How to parse aerospike backup file to regenerate data? - aerospike

In the backup file there are a lot of encoded values. How do I get back the original data.
For example there is
+ d q+LsiGs1gD9duJDbzQSXytajtCY=
which is of the format ["+"] [SP] ["d"] [SP] [{digest}] [LF] where q+LsiGs1gD9duJDbzQSXytajtCY= is the key digest. How would the get the primary key from this?
Also Map and List values are represented as opaque byte values. How do we restore the original Map and List?
I would currently need to do all this if I wanted to make a CSV dump out of the backup.

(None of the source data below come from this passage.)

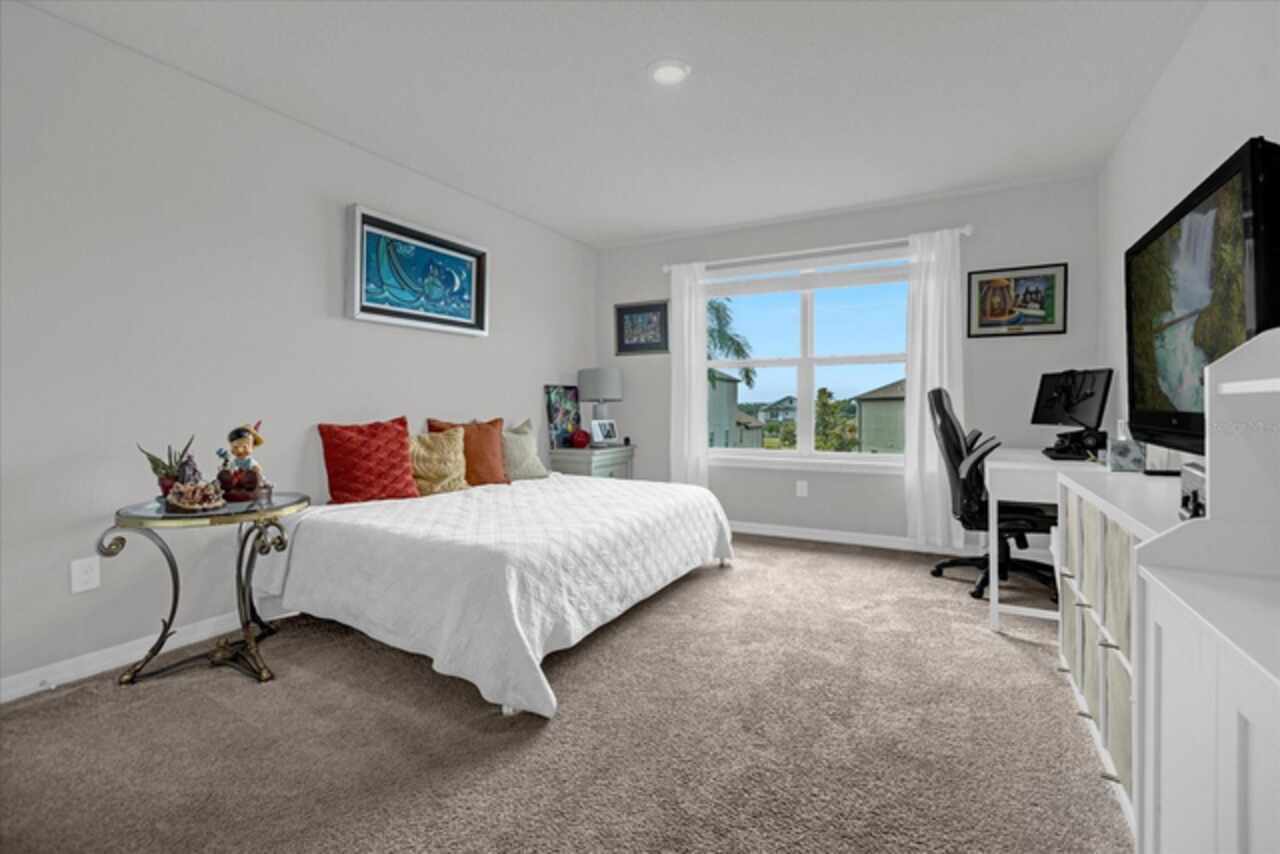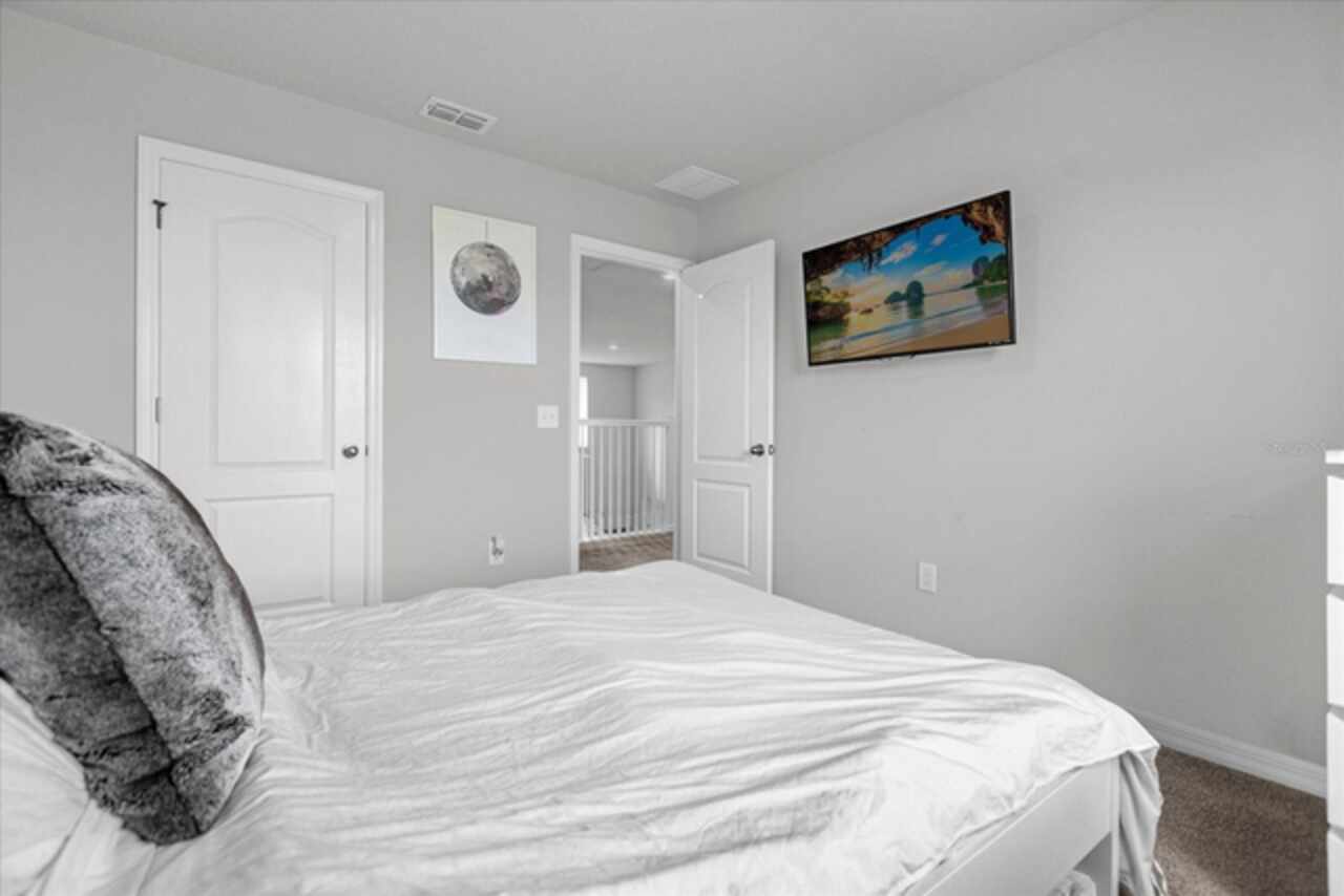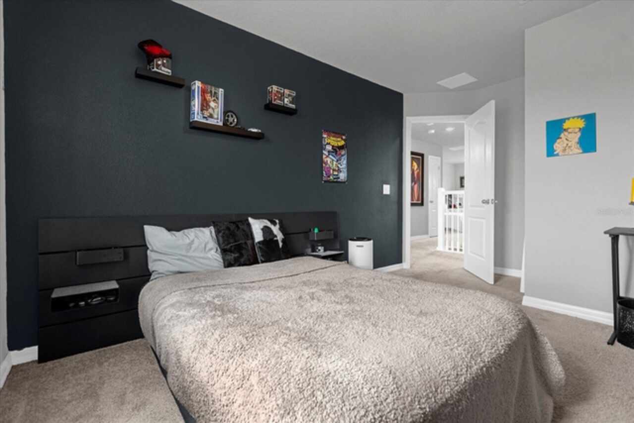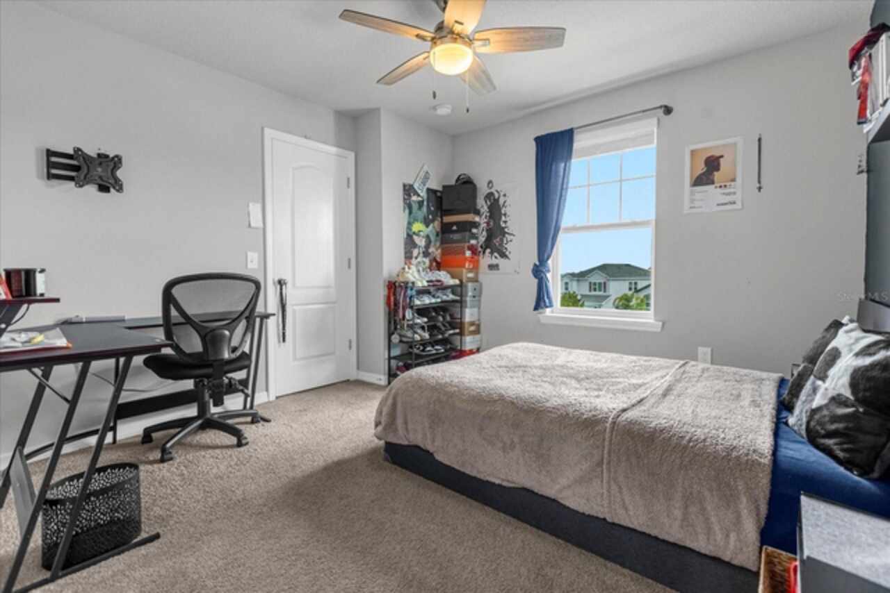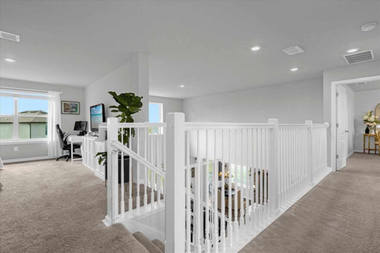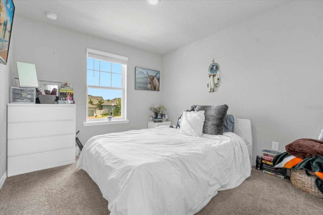 Welcome to your dream home! This spacious 4-bedroom, 3-bathroom residence offers over 2, 424 square feet of thoughtfully designed living space. Soaring high ceilings create an open and airy feel, while large windows invite natural light and slight views of the nearby lake. Enjoy Florida living at its finest with both front porch and a screened lanai, perfect for relaxing or entertaining. The fenced backyard provides privacy and room for outdoor fun, pets, or gardening. Inside, a versatile loft space offers endless possibilities—ideal as a home office, media room, or can easily be converted into a 5th bedroom. The home also features a 2-car garage, ample storage, and a smart layout that provides comfort and functionality for modern living. Located in John Lake Landing with convenient access to parks, shopping, and schools, this home blends charm, space, and flexibility. Also, there is a bedroom on the first floor and one bathroom with shower is located on the first floor. Don't miss the opportunity to make this beautiful home your own!
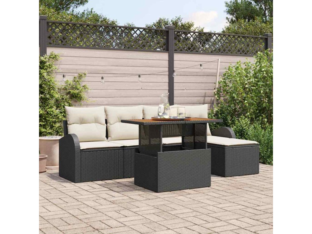 Sada zahradních pohovek s úložištěm 6 pcs Černá Poly ratan
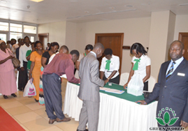 Le 12 juillet 2013,la filiale de Groupe Green World à l’Urganda a convoqué la réunion de décernement à l’hôtel Sheraton à Kampala, la capitale de l’Uganda. Plus de 500 distributeurs venant de différents endroits de l’Uganda ont assisté à cette réunion. Avant la réunion, ils ont participé à un banquet tout d’abord.Une heure trente d’après-midi, la réunion est commencée.
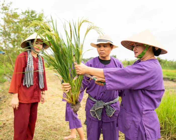 Deretter fortsetter du til vårt sosiale bærekraftsprosjekt i Vinh Long, som er etablert av vår lokale samarbeidspartner. Her venter en rolig spasertur gjennom landsbyen, hvor din guide gir deg innsikt i prosjektet underveis. Du får også mulighet til å ta del i det tradisjonelle landbrukslivet. Sammen med lokale bønder kan du prøve deg på risdyrking – enten ved å plante små risplanter eller bidra til innhøstingen, avhengig av sesong. Dette er en lærerik og jordnær opplevelse som gir deg et unikt innblikk i hverdagen på landsbygda i Vietnam og i arbeidet som ligger bak et bærekraftig jordbruk. Når du deltar på turen, bidrar du samtidig til å gjøre en forskjell for familiene i Vinh Long, siden en prosentandel av reisens pris går direkte til prosjektet, som du kan lese mer om her.
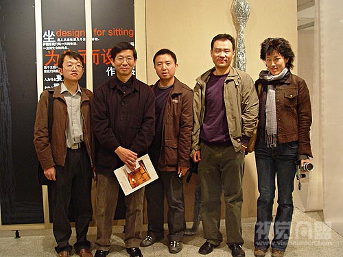 中央美術(shù)學院設(shè)計學院院長王敏教授(左2)和視覺同盟運營總監(jiān)張海新(右2)、主編廖翔(右3)、 副主編樊鵬(左1)、通訊員劉墨揚(右1)合影
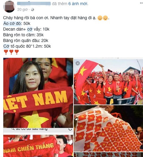 Ngoài áo cờ đỏ, lượng cờ tổ quốc, băng rôn quấn đầu, băng rôn cầm tay, decal dán,... số lượng bán cũng lên tới hàng ngàn.
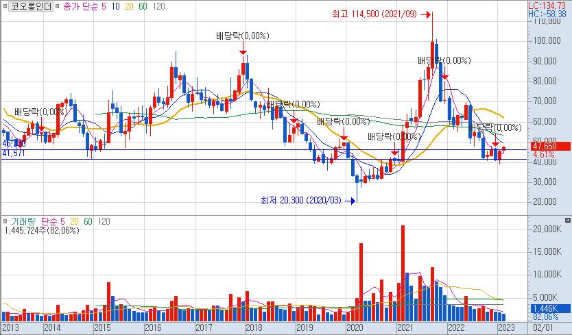 코오롱인더도 역시 하락추세가 이어지고 있습니다. 올라온 폭만큼 가격조정이 이어져야 또 올라갈 수 있겠죠? 그런 면에서 보면 아직까지 시간이 필요해 보입니다.
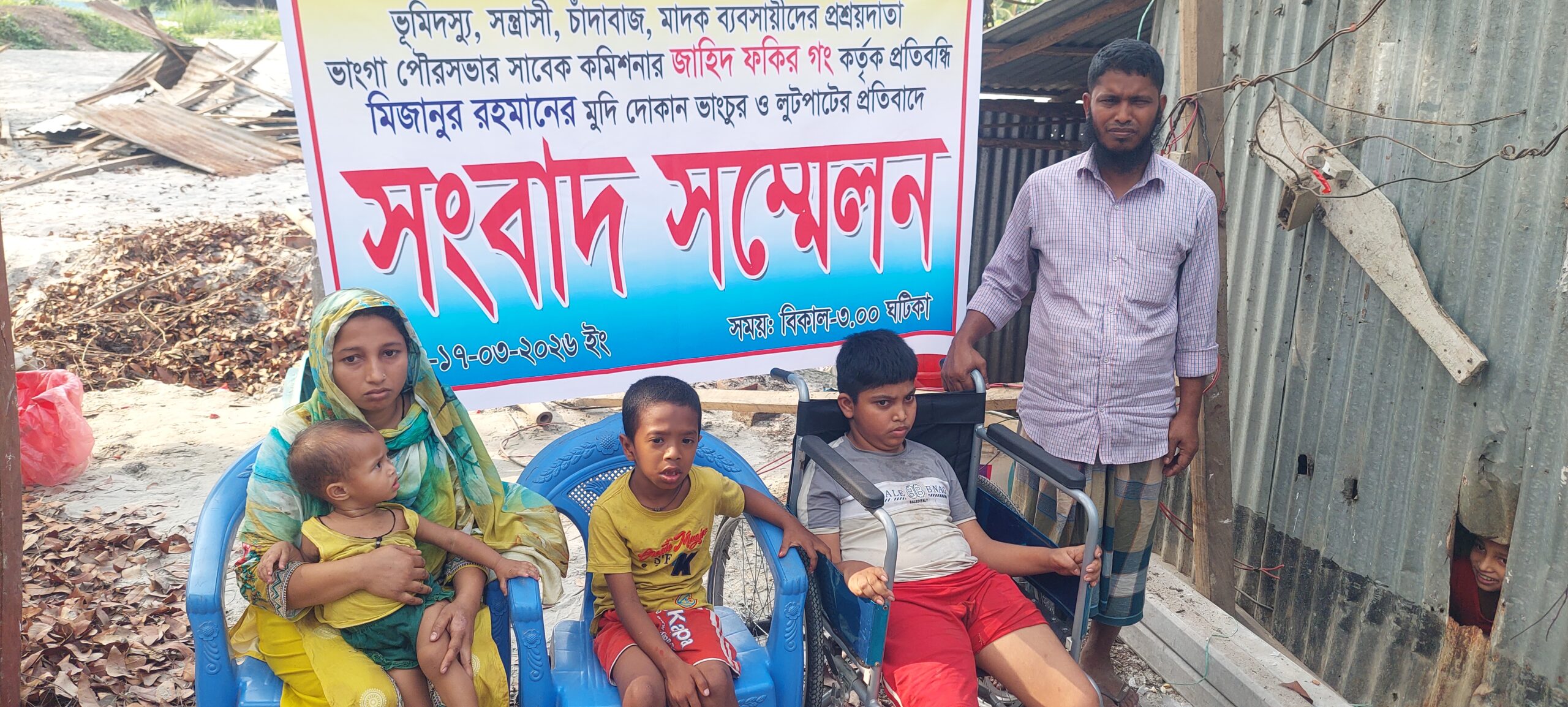 ফরিদপুরের ভাঙ্গায় পৌরসভার এক সাবেক কাউন্সিলরের বিরুদ্ধে এক প্রতিবন্ধী পরিবারের বসতঘর দখল, ভাঙচুর ও মুদি দোকানের মালপত্র লুটপাটের অভিযোগ পাওয়া গেছে। মঙ্গলবার বিকেলে পৌর সভার কৈডুবী সদরদী বাস স্ট্যান্ড সংলগ্ন স্থানে এ ঘটনা ঘটে । পরবর্তীতে ভুক্তভোগী প্রতিবন্ধী পিতা মিজানুর রহমান ও তার প্রতিবন্ধী ২ সন্তানকে সাথে নিয়ে অপরাধীদের দৃষ্টান্তমূলক শাস্তি দাবি করে সংবাদ সম্মেলন করেছেন। এ ঘটনায় ভাঙ্গা থানায় একটি লিখিত অভিযোগ দায়ের করেছেন চৌধুরীকান্দা সদরদীর বাসিন্দা আব্দুল কুদ্দুস মোল্যার ছেলে ভুক্তভোগী মোঃ মিজানুর রহমান।
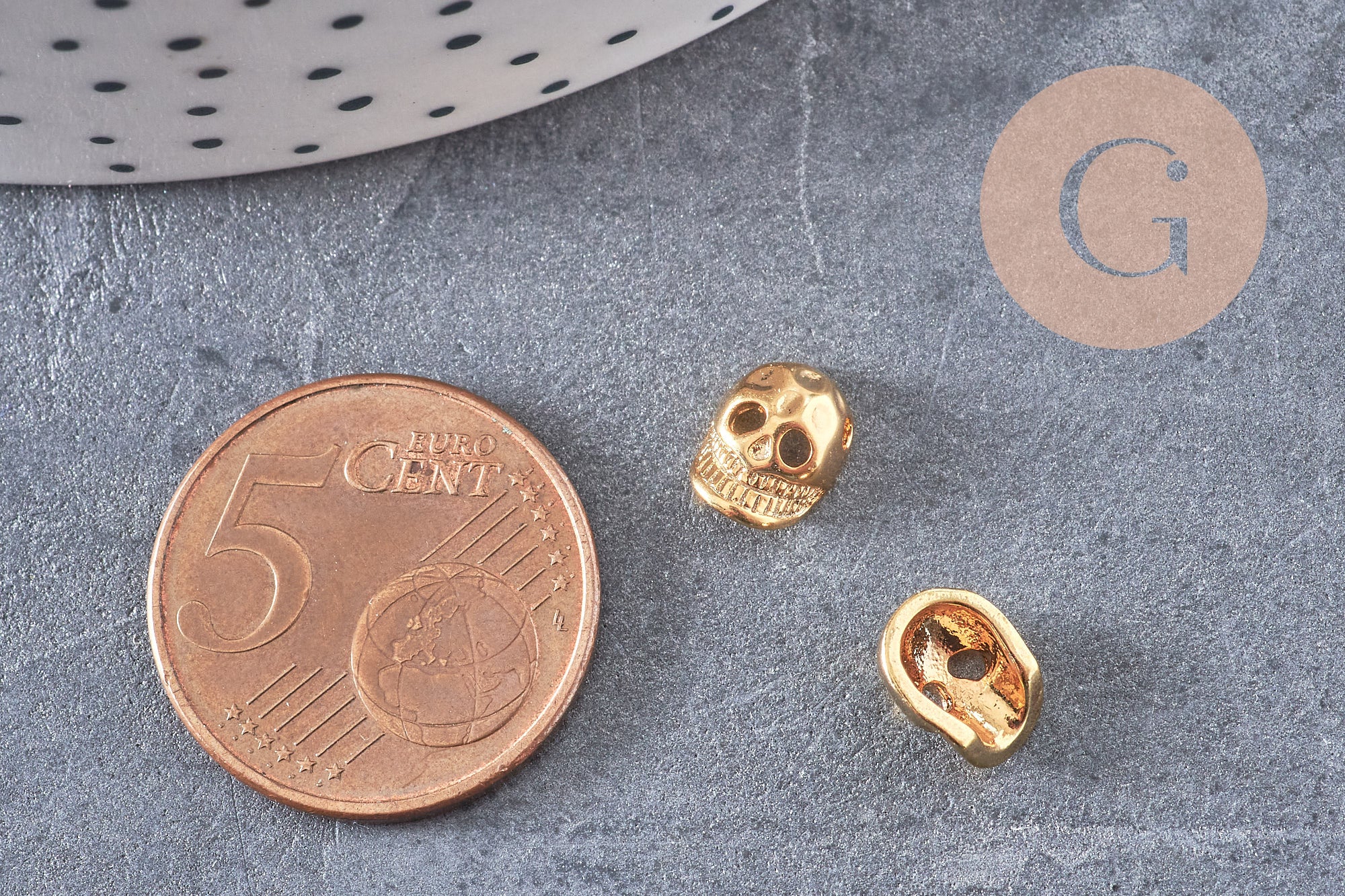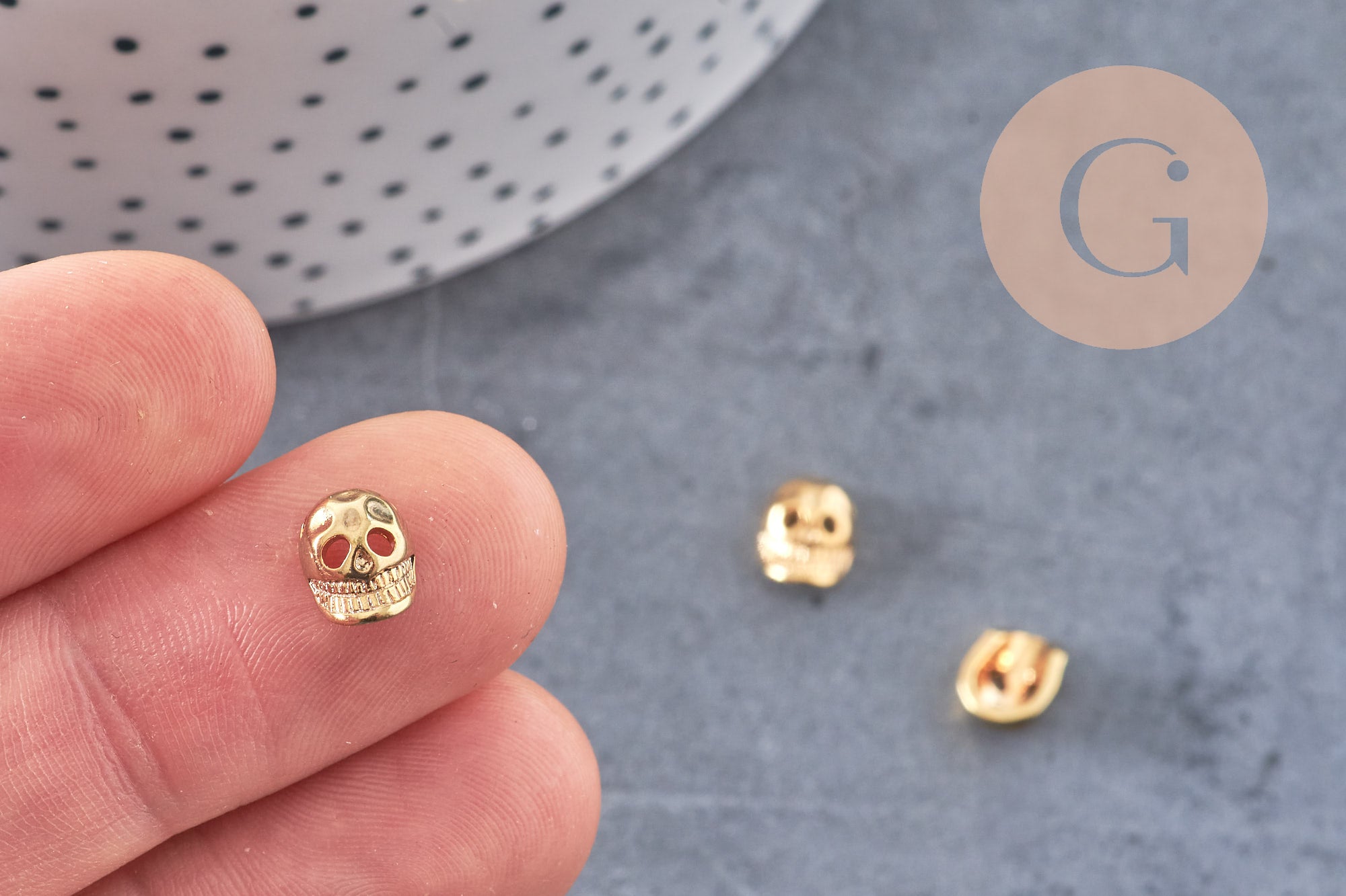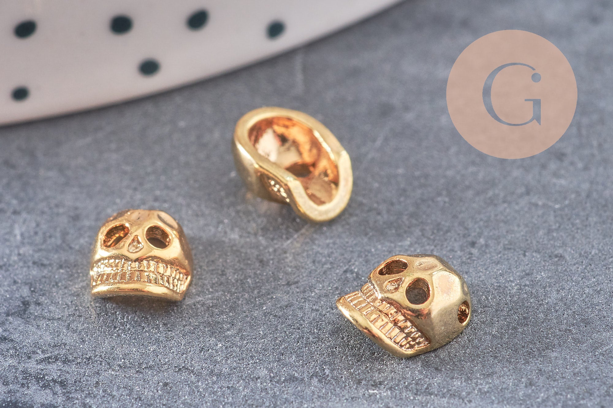Colgante calavera latón bañado en oro 2,5 micras, colgante sin níquel, creación de joyas bañadas en oro, colgante latón bañado en oro, 9mm, set de 2

The tool asbackup is an open source tool, as is asrestore. The file format is described in the repo aerospike/aerospike-tools-backup on GitHub.
Alternatively, you could use the Kafka connector to move data from Aerospike to another database via Kafka.
The easiest way to do what you're looking for is still to write a program that scans the target namespace, and parses each record into a csv format. You can use predicate filtering to only get records whose last-update-time is greater than a specific timestamp, giving you the progressive backup you want. See the PredExp class of the Java client and its examples.

Related

Architectural design clarrification

I built an API in nodejs+express that allows reactjs clients to upload CSV files(maximum size is atmost 1GB) to the server.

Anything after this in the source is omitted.